5 March 2026
/ 4.03.2026

So wildlife works for the climate

From African forests to coral reefs, the invisible contribution of animals to the fight against global warming

When it comes to climate crisis, animals almost always appear as fragile symbols of a shrinking world. Yet in the physical and biological mechanisms that regulate the atmosphere, soils, and oceans, many species perform functions that directly affect the carbon balance and stability of territories. This is not a consolatory narrative: it is applied ecology.

According to the most recent scientific literature, the presence or absence of certain species alters the ability of ecosystems to absorb CO₂, retain water, and resist fires and floods. Measurable processes, with large-scale cumulative effects.

More efficient forests thanks to large mammals

As Euronews reports, in the rainforests of central Africa, elephants act as structural regulators. By felling thin trees and opening up gaps in the vegetation, they reduce competition and encourage the growth of larger specimens with high-density wood. A study published in Nature (2019) showed that this rebalancing increases the share of biomass capable of storing carbon over the long term.

Estimates released by WWF indicate that a single forest elephant can significantly increase CO₂ sequestration capacity over large areas, with an impact comparable to the annual removal of emissions from thousands of vehicles.

Predators also contribute indirectly. Forests where tigers are permanently present can accumulate up to 12 percent more carbon per hectare. By controlling deer and wild boar, big cats limit overgrazing and allow forest regeneration to continue.

The soil that breathes: the work of diggers

In Australia, small burrowing mammals such as bettongs and echidnas continuously stir up the soil. The digging activity incorporates organic matter into the soil, improves fertility and increases moisture-holding capacity. In contexts marked by prolonged droughts and more frequent fires, more porous and nutrient-rich soils mean more resilient vegetation and greater accumulation of organic carbon.

The loss of these species not only results in damage to biodiversity: it alters fundamental soil processes.
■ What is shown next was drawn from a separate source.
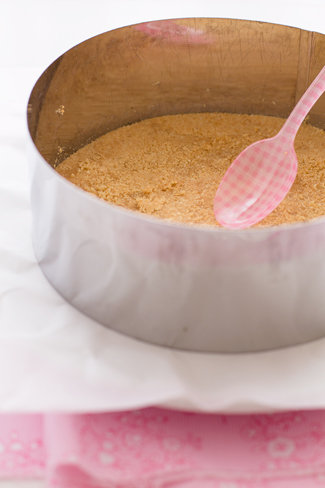 Sobre un plato, ponemos una hoja de papel de hornear, sobre ella un aro de emplatar de 16cm sin base y cubrimos toda la base de la tarta con la mezcla de galletas y margarina. Presionamos bien con una cuchara. Reservamos en la nevera.

Nutrients that come from the sky

The contribution of fauna does not stop at land. A 2024 study in Nature analyzed coral reefs located near islands with high seabird colonies. Researchers recorded calcification rates up to 2.7 times higher than on reefs without this natural supply of nutrients.

The mechanism is straightforward: birds feed offshore and transfer nitrogen and phosphorus to land through guano, which rainfall conveys to coastal waters. In balanced amounts, these nutrients support coral growth and the construction of limestone skeletons, which are also critical for carbon storage.

Natural hydraulic engineering

In a climate that retains about 7 percent more moisture per degree of warming, water management becomes central. Beaver-built dams slow runoff, expand wetlands and reduce flood intensity. In 2025, in the Czech Republic, one colony built a dam where a man-made structure was planned, avoiding significant public expense.

Areas influenced by dams also show less fire spread due to more saturated soils and less dry vegetation. This is a direct consequence of hydrological alteration that stabilizes the landscape.

Wildlife therefore does not offset industrial emissions or replace climate policies, but it does affect key variables in the Earth system. Protecting populations and habitats means keeping these biophysical processes active. To ignore them would be a technical before an environmental mistake.